When Dr Sacks lost the use of an eye and slowly lost his super-stereoscopic vision, I was meanly somewhat delighted. Ha. Welcome to MY world. It really isn't that bad, is it? I can only imagine depth.

Wow, this computer is horrible. It's so slow, I can practically see each letter appearing after I've typed the sentence. (Hence the several days later posting.....)

Blog pix 170 SPOILERS! SPOILERS! Just to warn you. Although I won't always.  Next up was the first in a time traveling YA trilogy by Kerstin Gier. It starts out with Ruby Red, the twelfth in the line of genetically chosen time travelers. Gah.I have to double check her name, it's written first person and the one I remember is her cousin, Charlotte, thought to be the time traveler of her generation, known to the family by her birthdate. Gwyneth was born a day later. Was Isaac Newton's calculations wrong? (Funny how I remembered her name finally. Gideon, the dreamy older cousin that she travels with, calls her Winnie). There's cryptic conspiracy theory poetry at the beginning of the chapters, Count Saint-Germain figures prominently, along with her best friend Lesley, that I'm waiting to reveal a few secrets of her own.

Sadly that's Book One and while Book Two (Sapphire Blue) is out, it hasn't been translated from German yet. I wonder if my grade school German would get me through it. Maybe with Google Translate? Doubtful.

It's a bit of a romance (in fact, one review stated something along the lines of it being an awful long prelude to a kiss, but even I, romance phobe that I am, enjoyed it. It's not Great Literature but who cares?

Blog pix 169 Finally I read The Weird Sisters. I'd heard that they communicated in Shakespearean quotes but that's not the case. Just apt quotes and not nearly as frequently as you'd expect from the family of a professor that made his life work a study of Shakespeare.

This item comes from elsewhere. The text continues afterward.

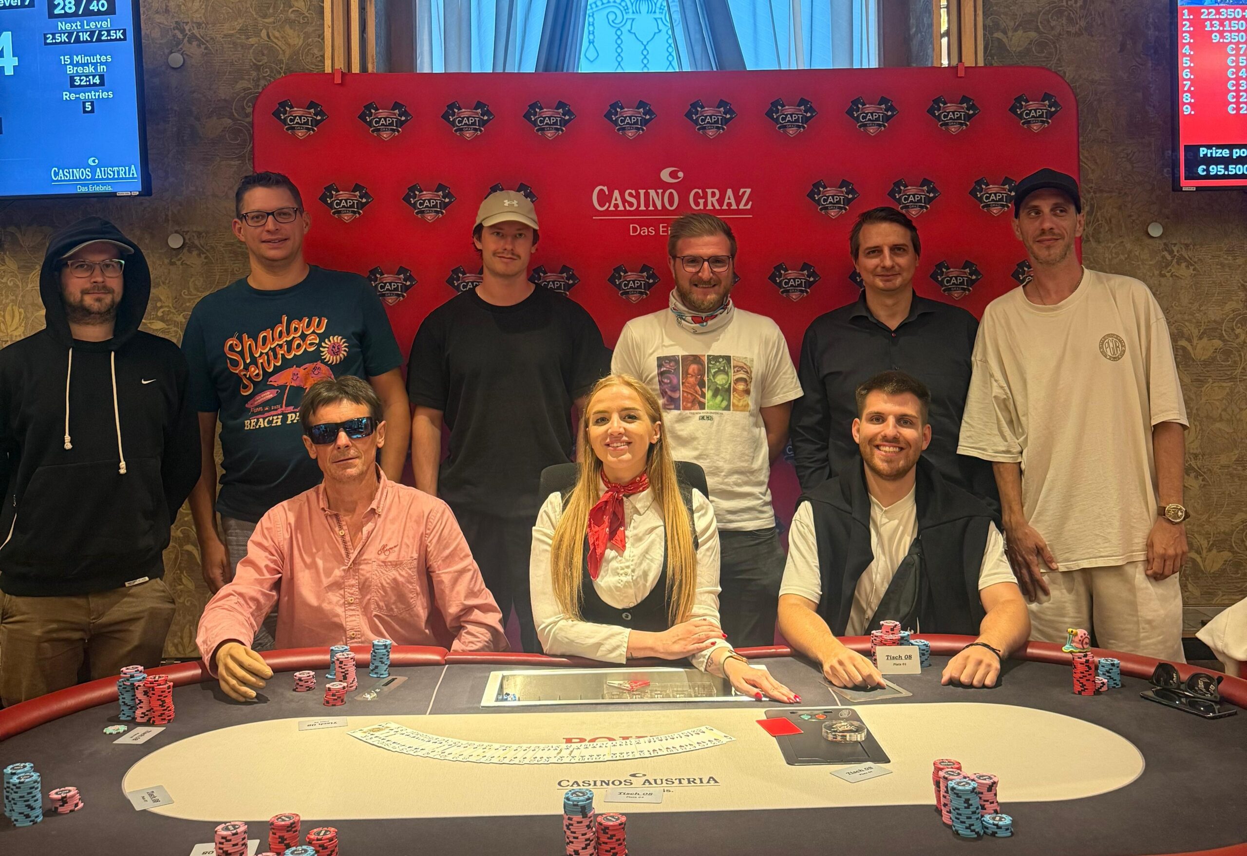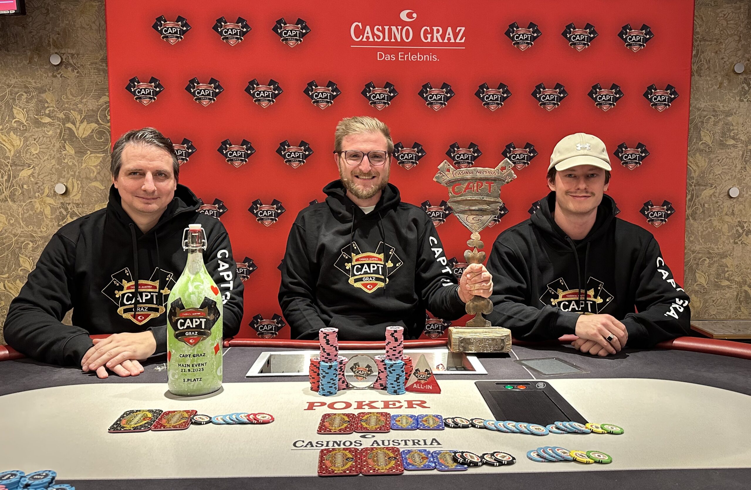 Nach einem Deal der letzten drei Spieler konnte Philipp Ruthard über den Sieg beim € 500 + 50 Main Event der CAPT Graz 2025 im Casino Graz jubeln, er nahm € 16.000 und das € 550 CAPT Million Ticket sowie auch eine Designflasche mit steirischem Kürbiskernöl mit.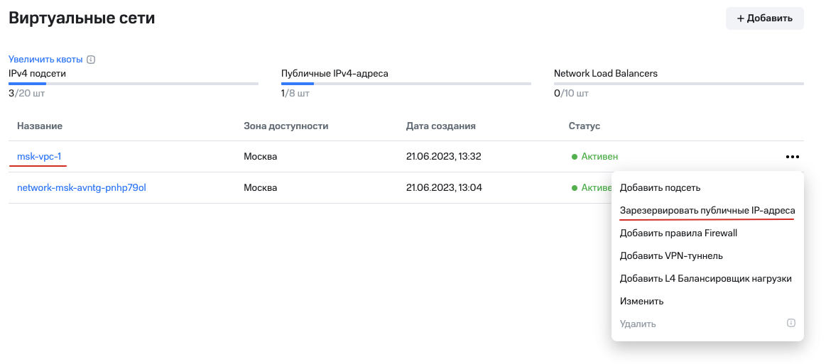 В разделе Публичные IP-адреса нажмите на кнопку +Зарезервировать.

I liked the conceit of the novel being told from the point of view as the collective sisters - that way the third person could always be employed but there was first person knowledge sharing details. Rosalind, known as Rose, first born with all the attendant qualities of a first born (conscientious, responsible, brave, fearless, honorable, good looking...what? I would know. I'm a first born). Bianca, known as Bean, named after the younger sister in Taming of the Shrew, wild to get shut of their small college town for NYC, and finally Cordelia, Cordy, after King Lear's youngest daughter. Not much to live up to, eh? No wonder she's a drifter. They're all under the ancestral roof, ostensibly to help their mother through her cancer treatments but naturally they have their own reasons and secrets. I really enjoyed this book.

Currently I'm reading The Black Prism and debating if there are any characters at all in the book that I like. Mind you, I'm over 420 pages in so they must have some appeal, but none of them qualify as the least heroic. Possibly General Danavers, but we'll see.

In knitting news - still trying to get Secret Prototype to work out. Crocheted the bottom but can't get the knit body to pick up nicely. On the eleventh billionty version of the Sugar Scalloped Sweater. Cross your fingers, it's been a WIP since 2000.